Confortablement étendu, à moitié flottant dans une eau parfumée, juste à la bonne température, enveloppé d'une montagne de bulles, les yeux mi-clos, un verre de whisky dans une main et une cigarette dans l'autre : le bonheur total. La buée qui ternissait tous les miroirs de la salle de bain donnait à la pièce un air de hammam à l'atmosphère saturée en humidité.

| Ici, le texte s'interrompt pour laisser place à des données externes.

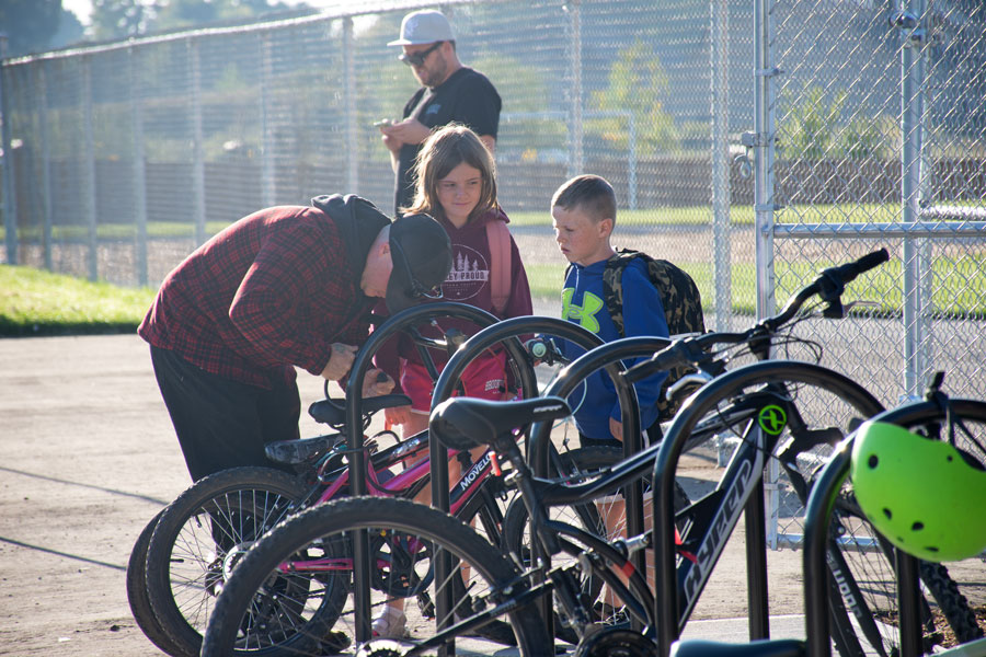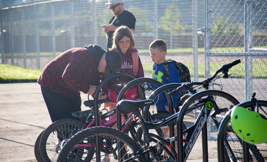 On Sept. 3, many families were able to walk or ride bikes – the bike rack was well-used and there were very few buses bringing students to school.

Les coups répétés frappés contre ma porte m'avaient tiré de la douce torpeur dans laquelle j'étais en train de sombrer. La personne qui tambourinait comme un forcené accompagnait ses coups de phrases incompréhensibles couvertes par le bruit de l'eau que laissaient échapper les deux gros robinets dorés. Je posai mon verre, écrasai ma cigarette et pris appui sur les rebords de la baignoire. Mais à cet instant précis, m'imaginant la tâche insurmontable que cela représenterait, je me rallongeai dans ce bonheur liquide, fidèle à un principe auquel je n'avais pas une seule fois dérogé : ne jamais aller ouvrir à quelqu'un qui sonnait à votre porte quand vous étiez sous la douche ou dans votre bain, car l'expérience prouvait que du temps que vous sortiez, ruisselant de votre bonheur aquatique, que vous enfiliez un peignoir et essayiez de vous mouvoir en évitant de glisser sur le carrelage, votre visiteur avait disparu au moment où enfin vous atteigniez la porte et l'ouvriez, fier de votre exploit.
J'allais laisser passer cet orage sonore : rien n'allait me forcer à enfiler ma sortie de bain pour aller – tout dégoulinant – me retrouver nez à nez avec un ivrogne qui se serait trompé de porte.
À propos « d'ivrogne », je me dis que ma journée avait été bien remplie en occasions diverses de vider quelques verres ! Tout avait commencé le matin après le bain dans la piscine qui avait suivi un match de squash très disputé que j'avais perdu. Mes talents tennistiques ne m'avaient que très peu aidé à combler mon ignorance totale des subtilités de ce jeu qu'on jouait à deux dans une espèce d'aquarium. Moi et mon adversaire d'un jour, John, reporter à New York, avions attaqué au champagne dès 11 heures, vidant notre première bouteille.
Le repas de midi me donna l'occasion de goûter à des grands crus français qui accompagnèrent à merveille les trois plats du repas gastronomique. Je quittai la compagnie des très agréables demoiselles qui avaient partagé mon repas à ma table pour aller au fumoir – uniquement entre hommes – savourer le roi des cigares cubains, un Larranaga accompagné d'un très vieil armagnac français. Dans l'après-midi, j'avais quand même fait un tour dans le gymnase pour perdre quelques-unes des calories accumulées depuis le matin.
Le dîner à son habitude comptait plusieurs services : je me rendis au premier : j'avais invité ma petite voisine du 103 à partager ma table de bonne heure de façon à avoir un peu de temps pour prendre un bon bain relaxant avant la soirée dansante qui démarrait tous les soirs à 23 heures. Il me faudrait quitter le costume trois-pièces que je portais au dîner pour revêtir l'habit de soirée obligatoire pour tout homme qui désirait pénétrer dans la salle de bal.
Ce dîner fut aussi délicieux que le repas de midi et les vins blancs de Loire et de Bourgogne à la hauteur des crustacés et des poissons servis. Je conclus avec un verre de Laphroaig de 25 ans d'âge, mais cette fois dans ma chambre où j'avais eu la bonne idée de stocker quelques singles malts en provenance d'Islay. Un deuxième verre m'accompagna jusque dans la baignoire.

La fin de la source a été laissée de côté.